EXERCISE DESCRIPTION: Please give back exactly the line with "Ge ditt sovrum" and each line after it through the end of the material, leaving out the pictures.

PROVIDED DATA:
Start of Block

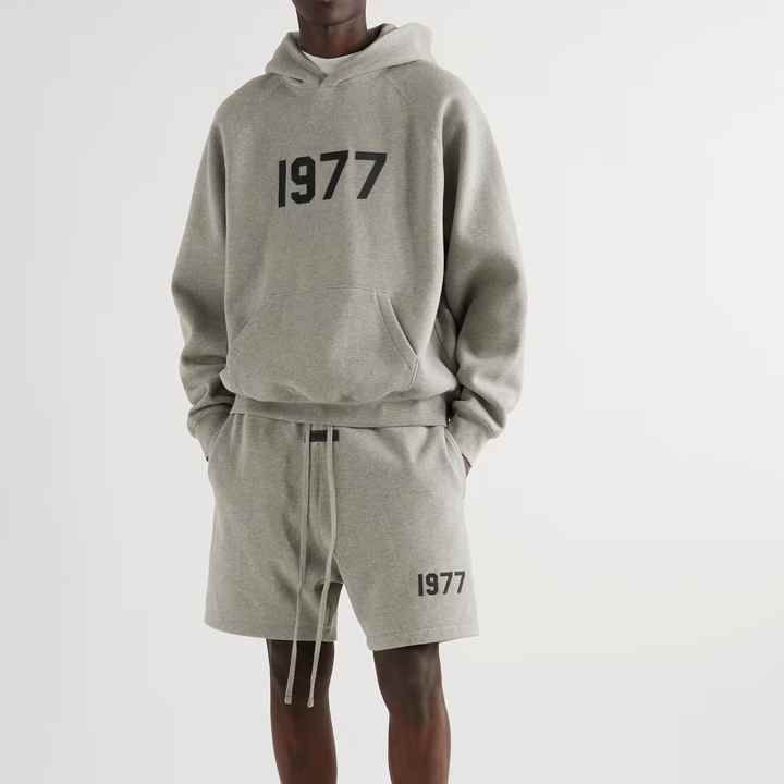 เสื้อมีฮู้ดแบบสวมหัวสำหรับผู้ชายชุดวอร์มกางเกงขาสั้นทรงโอเวอร์ไซส์
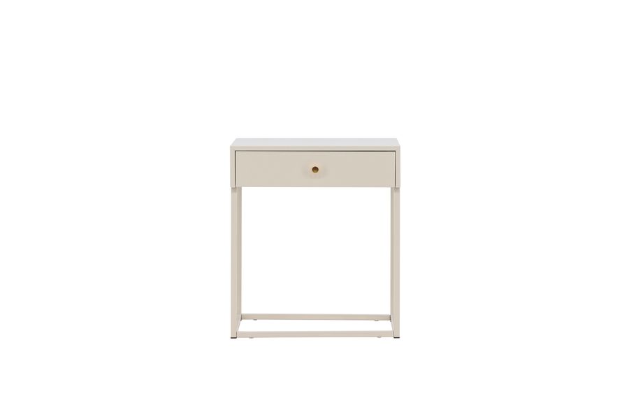 Ge ditt sovrum en modern touch med hjälp av vårt stilrena, beige sängbord i skandinavisk stil från serien Bakal! Med en magisk kombination av tidlös design och nordisk inspiration kommer detta stilrena sängbord i beige att förvandla ditt sovrum till en plats av både modemedvetenhet och ordning. Sängbordet har en smart låda för dold förvaring med en vacker mässingsfärgad knopp som blir pricken över i:et. Förvara din kvällsbok, glasögon eller småskatter på ett smidigt sätt nära till hands. Men viktigt att tillägga är att Bakal sängbordet givetvis inte bara är begränsat till sovrummet. Med sina rena linjer och luftiga form är det lika passande som sidobord i vardagsrummet eller extra förvaring i badrummet. Det skapar en harmonisk atmosfär oavsett var det placeras och blir en omedelbar förlängning av din personliga inredningsstil!
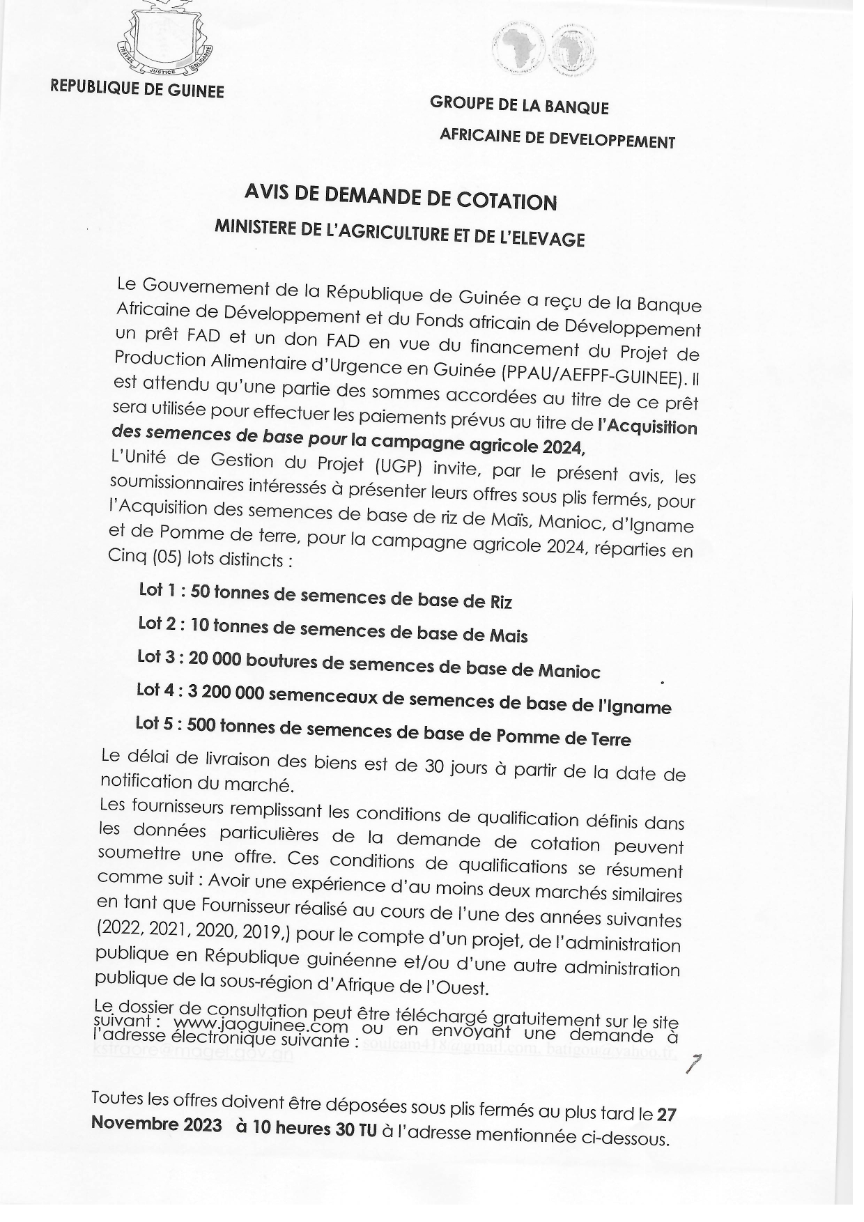 Appels d'offres Avis d’appel d’offres pour lâAcquisition des semences de base pour la campagne agricole 2024 Par Sékou Mohamed SAVANE - 14 novembre 2023 0 166 FacebookTwitterPinterestWhatsApp Télécharger le DAO complet en PDF

End of Block

OUTPUT:
 Ge ditt sovrum en modern touch med hjälp av vårt stilrena, beige sängbord i skandinavisk stil från serien Bakal! Med en magisk kombination av tidlös design och nordisk inspiration kommer detta stilrena sängbord i beige att förvandla ditt sovrum till en plats av både modemedvetenhet och ordning. Sängbordet har en smart låda för dold förvaring med en vacker mässingsfärgad knopp som blir pricken över i:et. Förvara din kvällsbok, glasögon eller småskatter på ett smidigt sätt nära till hands. Men viktigt att tillägga är att Bakal sängbordet givetvis inte bara är begränsat till sovrummet. Med sina rena linjer och luftiga form är det lika passande som sidobord i vardagsrummet eller extra förvaring i badrummet. Det skapar en harmonisk atmosfär oavsett var det placeras och blir en omedelbar förlängning av din personliga inredningsstil!
 Appels d'offres Avis d’appel d’offres pour lâAcquisition des semences de base pour la campagne agricole 2024 Par Sékou Mohamed SAVANE - 14 novembre 2023 0 166 FacebookTwitterPinterestWhatsApp Télécharger le DAO complet en PDF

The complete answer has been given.